Camouflage Patterns (under HEAVY construction)

CamoPicker was designed to be very user-configurable regarding the types of things to be camouflaged, what kind of camouflage patterns to use, and the paint systems that provide the colors. Unfortunately, the act of adding your own stuff requires a lot more experience with a PC and the various applications/Windows utilities that need to be used.

Given the "living breathing" nature of software, I'm not going to try and keep up to date with all the latest and greatest versions of everything out there. I'm also not going to recommend the use of one program over another, but these instructions WILL be limited to the program and utilities I use.

To create weapon and camo templates, I use an OLD version (8.0) of Paint Shop Pro. This software costs money (albeit very little compared to Photoshop), but there is a free paint program available called Paint.Net which appears to have the features necessary to perform the necessary actions to create patterns and templates for use by CamoPicker. The most important feature your paint program should have is "layers". No, Microsoft Paint that comes with Windows is NOT suitable for this task.

How Weapons and Patterns Are Used in CamoPicker

The image of the weapon that you see in CamoPicker is a combination of a camouflage pattern and a weapon template. Each of these two things are comprised of one or more images that we call "layers". Creating a weapon image is nothing more complicated than starting with the first camouflage layer, and overlaying that layer with the next until the pattern is completed. This is followed by overlaying the weapon template layers.

Finally, the item in the finalized image is "cut out", and we end up with a camouflaged weapon.

It all sounds pretty simple, and it is, but in order to add your own camouflage patterns and weapon templates, you have to strictly adhere to a very narrowly defined set of rules. These rules are described in the next two sections.

General Rules

The following requirements must be strictly adhered to, or I can't guarantee your results.

  • Each layer MUST exist in its own file.

  • Each layer file MUST be a .PNG file with alpha transparency enabled.

  • Each layer file MUST have a width of 1500 pixels, and a height of 720 pixels, as well as a DPI setting of 96 dots per inch.

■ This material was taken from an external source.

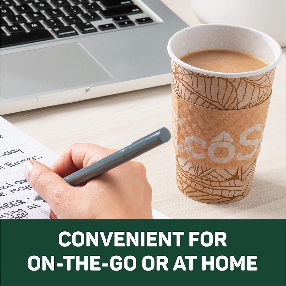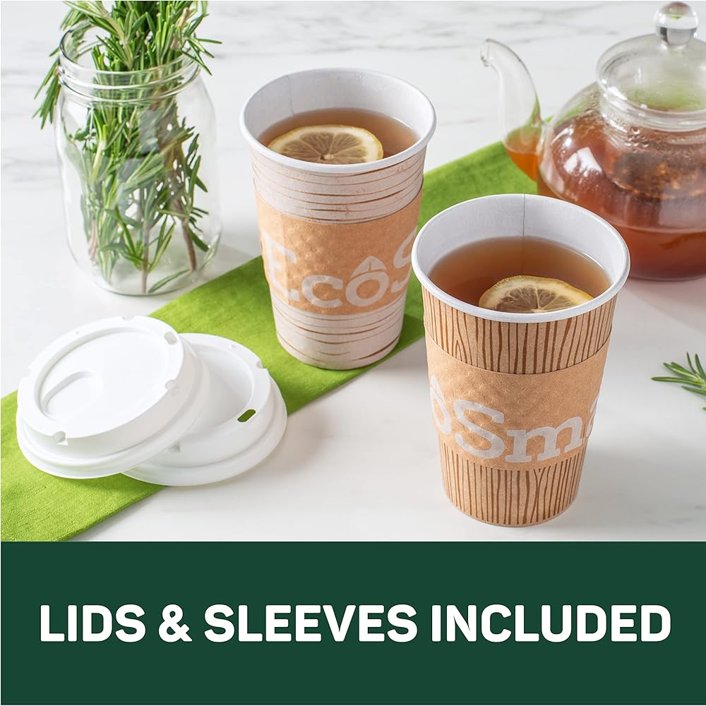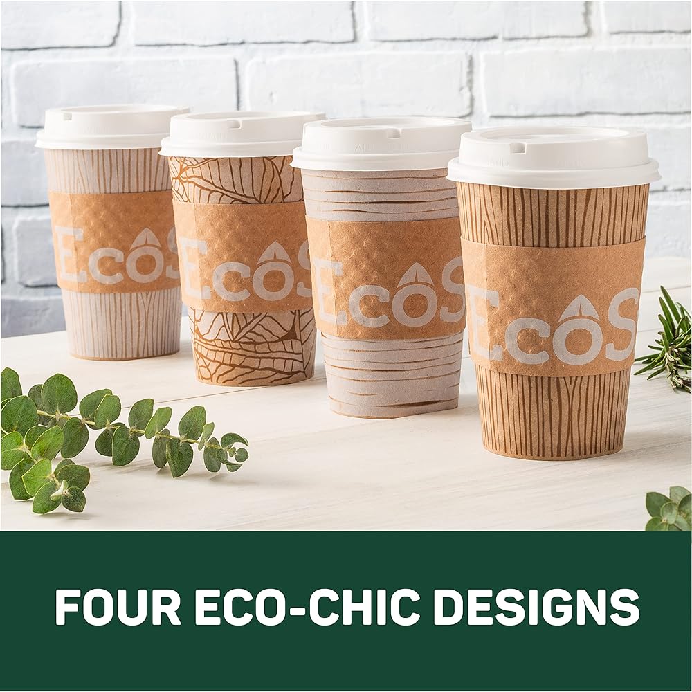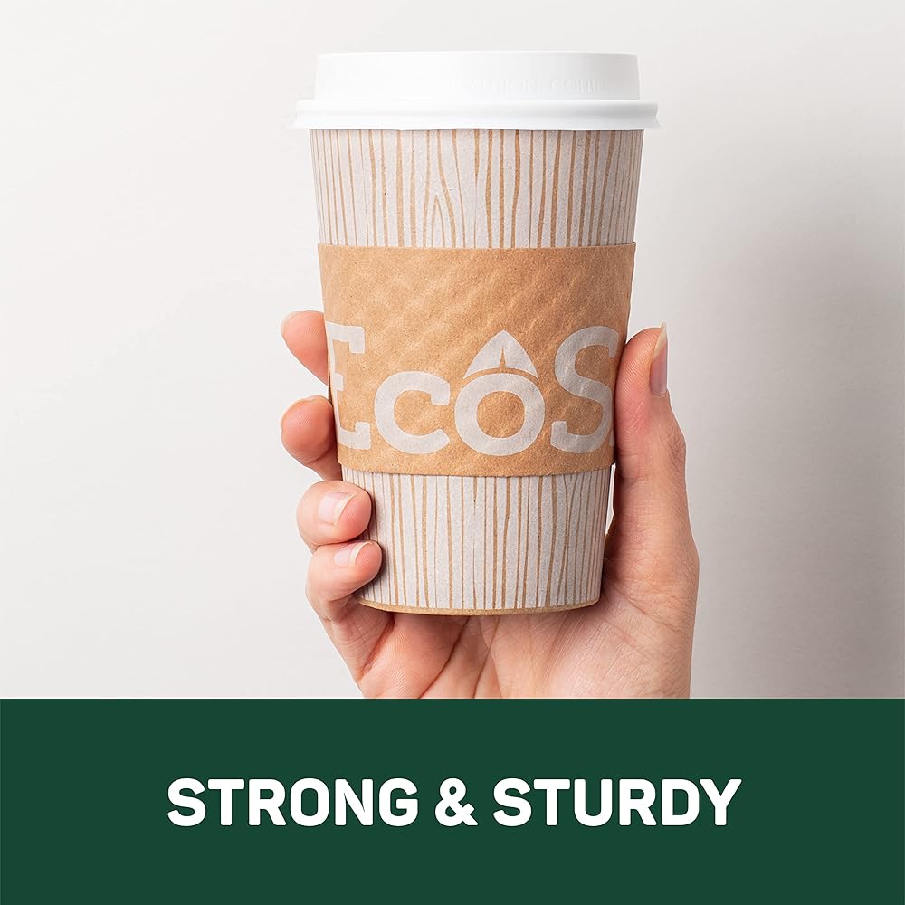 Introducing EcoSmart® paper cups from the makers of Dixie®. Our 16 oz. disposable coffee cups are made with 100% recycled fiber that gives a second life to existing resources—like used cardboard boxes! With EcoSmart®, shopping for sustainable cups is simple and affordable so you can drink on the go with confidence. Our combo pack of paper cups come with sleeves for on-the-go drinks.

Creating Your Own Camouflage Pattern

A camouflage pattern can be comprised of from one to six layers. Each layer exists in its own PNG file (as described above). Each layer file name must have a common prefix, like "MyCamoPattern", following by an underscore and the layer number. If you look in the CamoPicker Patterns folder, you'll see several examples, like this one:

  • CPMarpat_1.png
  • CPMarpat_2.png
  • CPMarpat_3.png
  • CPMarpat_4.png
  • CPMarpat_5.png

The first layer file should always be a solid MAGENTA background. Each subsequent layer should be areas on magenta on a transparent background.

IMPORTANT!!! Why magenta? First, it's because it's a color you don't normally see in nature (or anywhere else for that matter). Second, we need to establish a color that can be replaced by the actual layer color. If it's not magenta, it won't be replaced, and your patterns will look just plain bizarre. In fact ALL pattern layers require that the background be either solid magenta, or magenta areas where you want a layer color to be applied. Anything that ISN'T magenta, should be transparent.

Creating a Camouflage Layer File Set

Probably the best way to start is by copying an existing first layer file to a new file (with a different name of course), and load it into your paint program. Once you've done that, do this:

  • Add a new *raster* layer to the image, and make sure this layer has a transparent background.

  • On the newly added layer, draw your desired pattern using any SINGLE color you like. I prefer to use either blue, red, green, yellow, or black on each layer (but never using the same color on more than one layer). Keep in mind that portions of this layer should NOT be painted because you want some of the previous layer to show through.

    One other item of note is that you should probably not use feathered edges for drawing. CamoPicker doesn't use multiplying to replace colors, so using a feathered paintbrush or pen will make your resulting pattern look kinda strange around the edges when it's rendered in CamoPicker.

  • Repeat until you have as many layers (up to 6) as you need for your pattern.

  • Select each layer, and replace the color you used with magenta.

  • After you replace the color, save the layer as its own PNG file.

  • Remember that each layer must be named precisely, as described at the beginning of this section.

Once you've created the camouflage layers, you need to edit the "CamoPatterns" section CamoPickerData.xml file in order to add the new camoufllage pattern. Use the existing entries as an example. You must complete this step in order for CamoPicker to "see" the new camo pattern.